Jean-Luc Godard celebrated his greatest successes in the 1960s, when, as a figurehead of the “Nouvelle Vague”, he was one of the founders of a new cinematic epoch. But his influence on the medium of film extends far beyond that. The French director has died at the age of 91.
Demanding and experimental: some called Jean-Luc Godard the god of intellectual film, others the freest thinker in cinema. And Godard himself called what he did not film, but produce.
Godard, who has now died at the age of 91, was one of the most innovative and influential filmmakers. His wife confirmed his death to the Swiss news agency SDA.
French President Emmanuel Macron also spoke up. He paid tribute to the deceased as a brilliant director and pioneer of modern cinema. Godard was a “national treasure,” Macron wrote on Twitter. And further: “Jean-Luc Godard, the greatest iconoclast among the filmmakers of the Nouvelle Vague, has created an extremely modern and very free art.” He also published a photo showing Godard with his typical horn-rimmed glasses and film camera.
In his works, the Franco-Swiss director pushed the limits of classic cinema and the medium of film. With him, the last flagship director of the French “Nouvelle Vague” (“New Wave”) died.
Godard has directed over 60 films. Among the best known are “The Contempt” (1963), “A Married Woman” (1964) and “Out of Breath”, with which he celebrated his feature film debut. When he shot the crime drama with Jean-Paul Belmondo in 1959, he was unknown to the public and completely burned out.

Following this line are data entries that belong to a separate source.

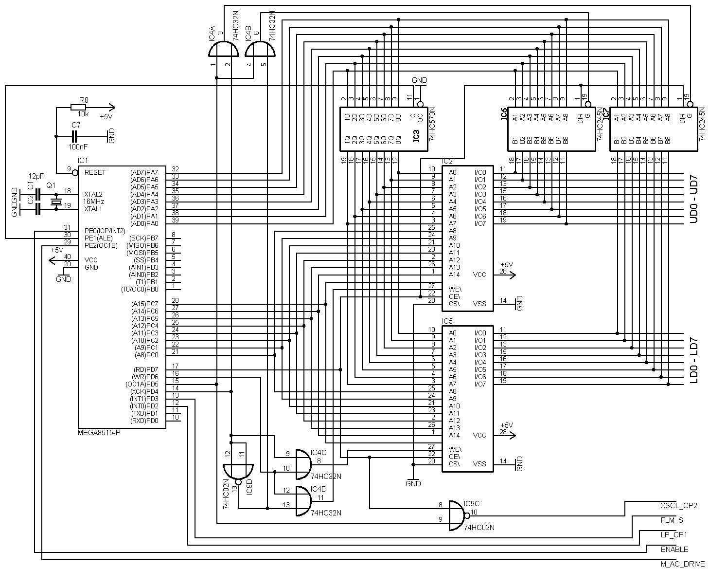 Hier mal ein Foto von meinem Testaufbau. Beide Anschlüsse sind für die CCFLs, denn das LCD hat zwei davon. Der Stecker mit der Buchse ist der heiße Pol, der mit den Stiften der kalte. Die -23V beziehen sich auf die Spannung zwischen +5V und VLCD. Macht also etwa -18V gegen Masse. Da das LCD beschädigt wird, wenn nur VLCD aber keine +5V anliegen, wird diese Spannung vom uC geschaltet. An V- muss also eine stabilisierte Spannung mit etwa -17 bis -18V angeschlossen werden YSCL wird mit LP verbunden. Der 573 kann ein AC, AHC, ALS, F oder sonst ein schneller sein. Ich verwende einen ALS573 aus einem alten Mainboard. Ich sehe gerade, da ist ein Fehler im Plan. Es muss kein 74x32, sondern ein 74x02 sein, da das LCD die Daten an der fallenden Flanke haben möchte. Für den 74x2 reicht eigentlich ein HC. Einen 64k SRAM bekommt man etwas schlecht, aber es sollte auch mit einem 128k SRAM funktionieren. Meiner hat 20ns. Ob der 55ns 128k SRAM von Reichelt auch schnell genug ist habe ich noch nicht getestet, es sollte aber funktioniern, auchn wenn das Timing ziemlich knapp ist.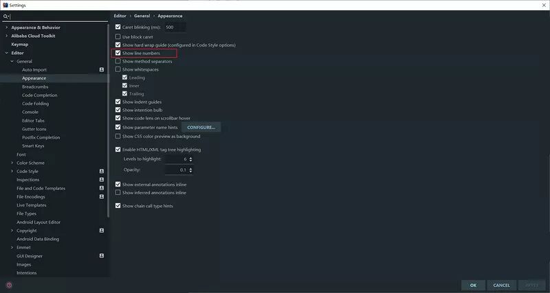 Settings -> Editor -> General -> Appearance 勾选 Show Line Numbers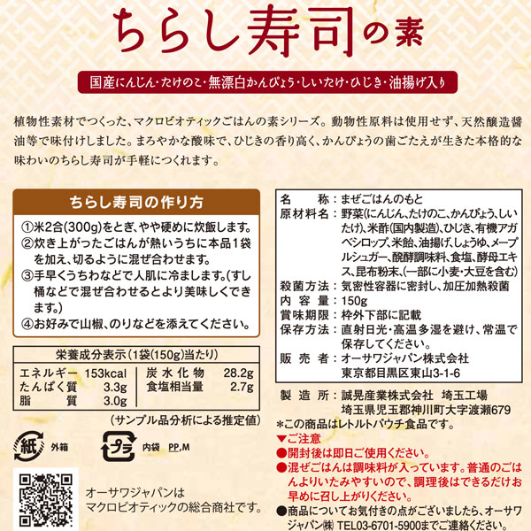 オーサワの具だくさん ちらし寿司の素(150g)米2合用(2~3人前)【オーサワジャパン】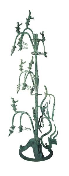 青铜神树三星堆博物馆馆藏文物 三星堆博物馆“镇馆之宝”之一的青铜神树上“挂”着一条神龙。其沿着青铜神树的主干逶迤而下,前足“踏”于整个青铜神树底座上,凸显出“从天而降”的姿态,整体飘逸灵动。专家认为,古蜀先民视这条游龙为沟通天地的使者。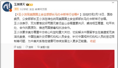 中國公安部長再同美國國土安全部部長視頻通話分享到: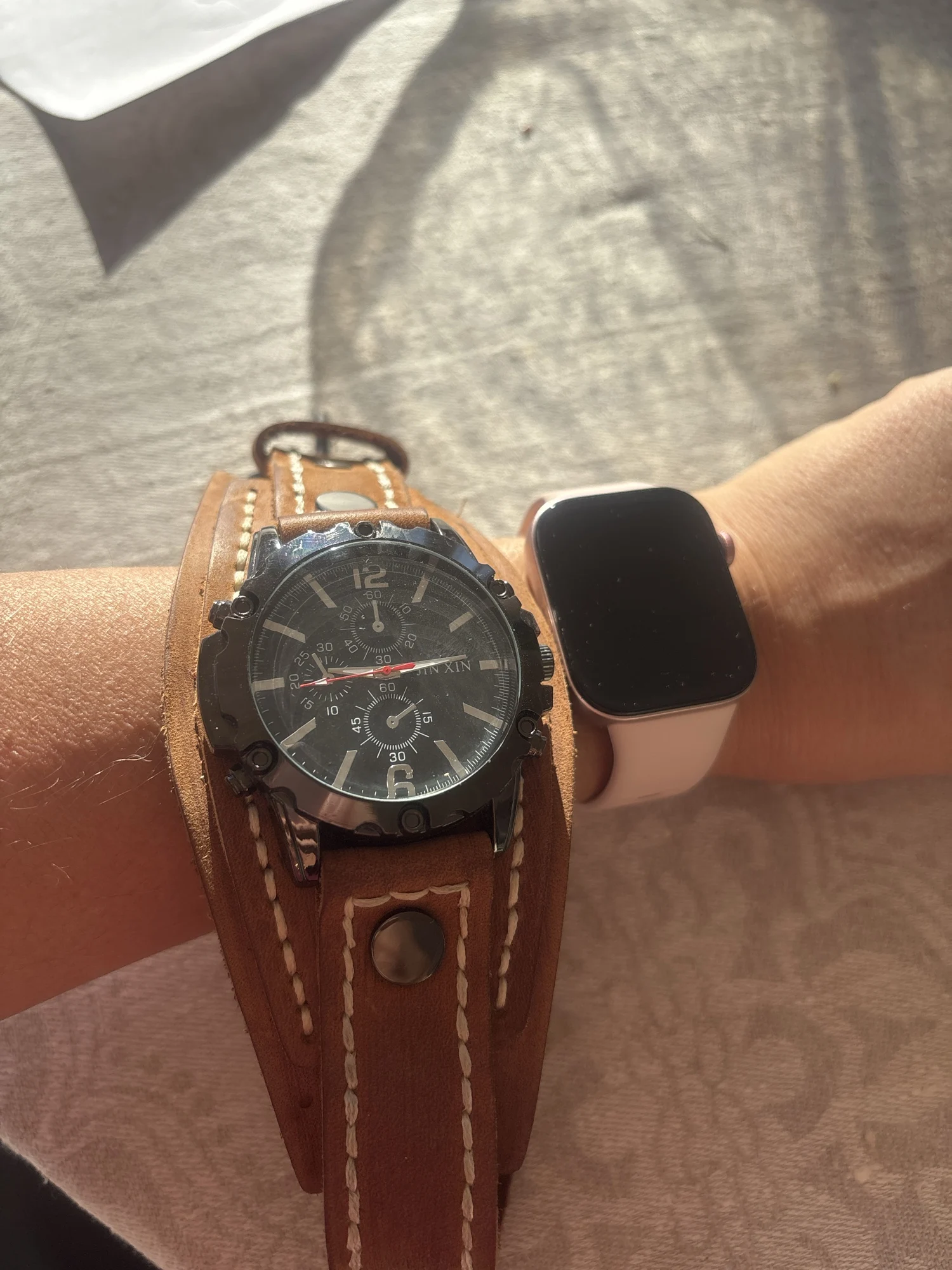 Punk Style Quartz Wristwatch With Wide Cowhide Bracelet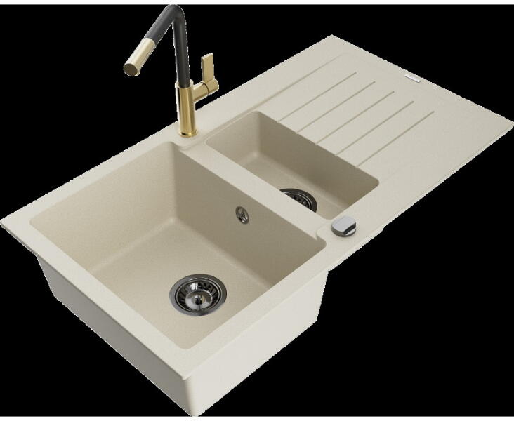 Tomas konyhai mosogató: Gyártó: Mexen Sorozat: Tomas Modell: 2-kamrás csepptálca nélkül Beépítés: felülről a munkalapba süllyesztve Hossz: 800 mm Szélesség: 500 mm Magasság: 190 mm Kamra mélysége: 180 mm (nagyobb), 180 mm (kisebb) Kamra mérete: 440x387 mm (nagyobb), 370x303 mm (kisebb) A lefolyó átmérője: Ø 90 mm Szifon + automatikus leeresztő csavar Anyaga: gránit (80% g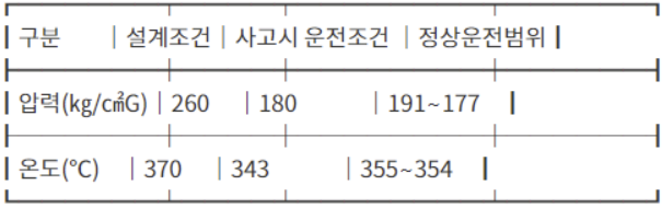 o 따라서 고온(380℃), 고압(200㎏/㎠)하에서 운전되는 사고 배관은 이상과 같은 수소 취성등에 의하여 균열이 발생하고 열화에 의한 임계점을 초과하여 내용물 누출에 의한 폭발·화재가 발생한 것으로 판단됨.

The film, for which François Truffaut wrote the screenplay, became a masterpiece and the Paris-born son of a Swiss doctor was considered a genius overnight.
Instead of shooting in the studio as usual, Godard captured the cafés and streets with his handheld camera, in front of which Jean-Paul Belmondo moved freely. His cuts followed neither rules nor rhythm. Godard revolutionized film language in 1960 with “Out of Breath”. Since then he has tirelessly experimented with form, content and viewers’ viewing habits. He needs his freedom. And he gets it by creating a certain amount of confusion and playing with the usual rules, was his creed.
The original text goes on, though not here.